- **How to complete this task**
Every line below from the one with "The surname is" through the one with "Sabendo que crédito" should be retyped exactly, both ends included; no other lines and no pictures.

- **Available records**
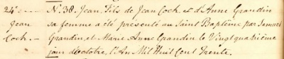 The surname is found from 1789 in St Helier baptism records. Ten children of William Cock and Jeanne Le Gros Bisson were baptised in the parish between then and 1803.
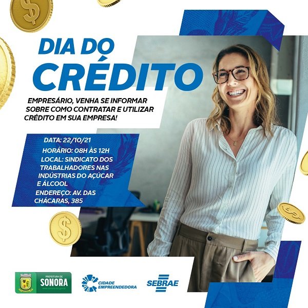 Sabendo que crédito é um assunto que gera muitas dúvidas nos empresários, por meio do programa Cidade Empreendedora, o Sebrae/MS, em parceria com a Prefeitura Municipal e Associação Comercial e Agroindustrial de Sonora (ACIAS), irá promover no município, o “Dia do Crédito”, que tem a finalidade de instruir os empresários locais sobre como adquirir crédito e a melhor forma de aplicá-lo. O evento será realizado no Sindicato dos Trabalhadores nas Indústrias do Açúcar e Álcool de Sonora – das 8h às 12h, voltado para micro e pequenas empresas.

* * *

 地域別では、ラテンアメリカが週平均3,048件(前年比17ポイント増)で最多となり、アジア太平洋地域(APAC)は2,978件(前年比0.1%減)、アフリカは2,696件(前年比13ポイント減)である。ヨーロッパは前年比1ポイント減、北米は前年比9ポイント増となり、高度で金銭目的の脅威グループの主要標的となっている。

- **Task result**
 The surname is found from 1789 in St Helier baptism records. Ten children of William Cock and Jeanne Le Gros Bisson were baptised in the parish between then and 1803.
 Sabendo que crédito é um assunto que gera muitas dúvidas nos empresários, por meio do programa Cidade Empreendedora, o Sebrae/MS, em parceria com a Prefeitura Municipal e Associação Comercial e Agroindustrial de Sonora (ACIAS), irá promover no município, o “Dia do Crédito”, que tem a finalidade de instruir os empresários locais sobre como adquirir crédito e a melhor forma de aplicá-lo. O evento será realizado no Sindicato dos Trabalhadores nas Indústrias do Açúcar e Álcool de Sonora – das 8h às 12h, voltado para micro e pequenas empresas.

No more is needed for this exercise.